The result is stored in a materialized view data source, dub_click_events_mv, which is sorted by link_id and timestamp, so it can be used to fetch the clicks for a subset of links and time range more performantly:

# Data Source created from Pipe 'dub_click_events_pipe'

SCHEMA >
    `timestamp` DateTime64(3),
    `click_id` String,
    `link_id` String,
    `url` String,
    `continent` LowCardinality(String),
    `country` LowCardinality(String),
    `city` String,
    `region` String,
    `latitude` String,
    `longitude` String,
    `device` LowCardinality(String),
    `browser` LowCardinality(String),
    `os` LowCardinality(String),
    `engine` LowCardinality(String),
    `ua` String,
    `identity_hash` String,
    `referer` String,
    `referer_url` String,
    `qr` UInt8,
    `ip` String

ENGINE "MergeTree"
ENGINE_PARTITION_KEY "toYYYYMM(timestamp)"
ENGINE_SORTING_KEY "link_id, timestamp"

By using materialized views, Dub is able to process this transformation on ingestion, so the data is ready to be consumed with multiple query patterns even as it is being ingested.

What you can learn from Dub's data preparation

A core principle in real-time systems is differentiation of write patterns and read patterns. What is good for writing isn't always good for reading. In Dub's case, some transformations are required to create intermediate data sources optimized for different query patterns.

Use materialized views or Lambda architecture

In Tinybird, the most common pattern for real-time transformation is the use of materialized views. In Tinybird, as opposed to in OLTP databases, the materialization happens in real-time, triggered by writes to the database, not manually refreshes.
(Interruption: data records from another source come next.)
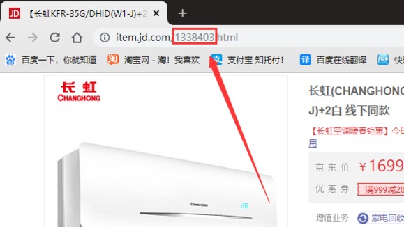 用任意浏览器在京东随便找一个商品,找到京东商品的ID,并输入到软件中。(如:https://item.jd.com/1338403.html,其中1338403为商品ID)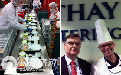 左图为国泰航空饮食服务有限公司的生产线及其工作人员;右图为总经理Charles Grossrieder(左)和主厨Jorg Kubisz(右)。
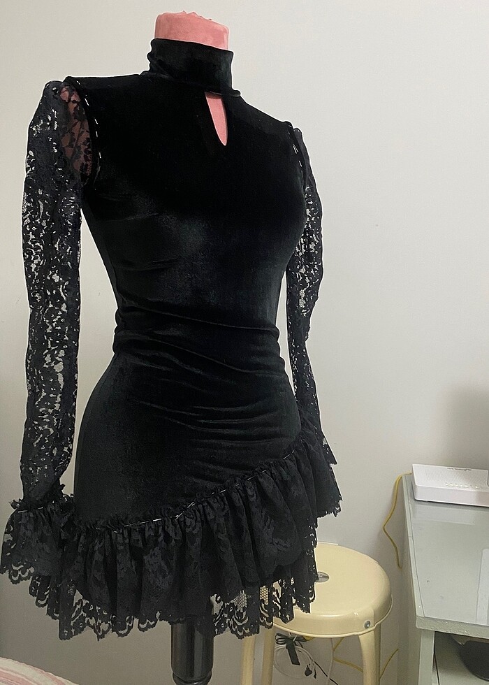 Özel tasarım siyah kolları fransız kupür detaylı kadife vücuda oturan elbise Satılık ya da k*ralıktır.

Of course, real-time transformation via materialized views isn't the only way to prepare data for consumption. Tinybird also enables batch operations (copies), and you can use Lambda architecture to differentiate real-time versus batch transformation operations.

Of course, when you are just starting a project with Tinybird, you often don't need to think about data preparation. Tinybird's fundamental performance characteristics will enable fast query patterns even if you do just query the landing data source.

When you're getting started, just ingest your data and build pipes over the landing data source to quickly prototype your APIs.

The typical cases when you do need to prepare data for consumption include:

You want to enrich your data with other sources.
You want to denormalize, deduplicate, or otherwise pre-process your data.
You want to pre-aggregate to minimize data processing (and latency) during query time.
You want to reorder the data to enable different filtering patterns.

A common mistake in software engineering (and also in data engineering) is optimizing too soon. If you look at Dub's data preparation, it is not particular complex. Even at their current scale, they are in some cases effectively querying raw data, ensuring that it is properly sorted.

What is important here is observability, which clues you into increased query latency or network failures.

In Tinybird you can track both write and read performance by means of service data sources. If you manage a Tinybird organization you can monitor organization metrics to identify performance bottlenecks and potential improvements.

For instance, Dub's analytics views provide daily, monthly, and annually aggregated metrics. In the future, they might consider materialized rollups to speed up certain queries.

Backwards compatibility

Data preparation isn't just about performance, however. Pre-processing data for querying such that you don't query over your landing data source gives you the added benefit of backwards compatibility.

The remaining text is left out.